I have data which looks like this
df <- data.frame (
cancer = c(1, 0, 1, 0, 0, 1, 0, 0, 0, 0),
CVD = c(0, 1, 1, 0, 1, 0, 0, 0, 0, 0),
diab = c(0, 0, 0, 1, 0, 1, 0, 0, 1, 0),
stroke = c(0, 1, 1, 0, 1, 0, 0, 0, 1, 0),
asthma = c(1, 1, 1, 0, 1, 1, 0, 0, 0, 0),
SR_hlt = c(1, 2, 2, 2, 1, 1, 2, 2, 2, 1))
What I want to do is produce a bar plot, only for the people who have the disease of interest, where the bars of the bar plot are ordered by the proportion of people whose SR_hlt == 1.

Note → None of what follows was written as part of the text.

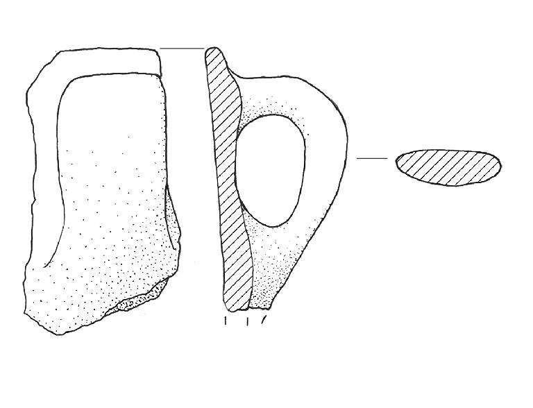 Orlo arrotondato; ansa a sezione nastriforme.\nColore: beige.

To make this plot, I use the following code
1) Gather the data
df_grp <- df %>%
gather(key = condition, value = Y_N, -SR_hlt) %>%
group_by(condition, Y_N, SR_hlt) %>%
summarise(count = n()) %>%
mutate(freq = round(count/sum(count) * 100, digits = 1))
2) Plot this data
df_plot <- df_grp %>%
filter(Y_N == 1) %>%
ggplot(aes(x = reorder(condition, -freq), y = freq, fill = factor(SR_hlt)), width=0.5) +
geom_bar(stat="identity", position = position_dodge(0.9))
df_plot
The x = reorder(condition, -freq) should be the thing which orders the bars, but I don't think this is working in this case, because the freq values are dependent on the value of a third variable, SR_hlt. Is it possible to order the bars by the value of freq when the value of SR_hlt == 1?
This can be accomplished using the handy package forcats, specifically fct_reorder2
df_plot <- df_grp %>%
filter(Y_N == 1) %>%
ggplot(aes(x = fct_reorder2(condition, SR_hlt, -freq),
y = freq, fill = factor(SR_hlt)), width=0.5) +
geom_bar(stat="identity", position = position_dodge(0.9))
df_plot
This is setting condition as a factor, and since SR_hlt == 1 is of interest, we arrange from low to high for SR_hlt, followed by -freq, or from high to low for freq.
Alternatively, you can set the factor before the ggplot call using standard dplyr only:
df_plot <- df_grp %>%
ungroup() %>%
filter(Y_N == 1) %>%
arrange(SR_hlt, desc(freq)) %>%
mutate(condition = factor(condition, unique(condition))) %>%
ggplot(aes(x = condition, y = freq, fill = factor(SR_hlt)), width=0.5) +
geom_bar(stat="identity", position = position_dodge(0.9))
df_plot
In the above, I use arrange to sort the dataframe for highest freq for SR_hlt. Next, I use mutate to take advantage of the sorted dataframe by factoring condition in the order of appearance.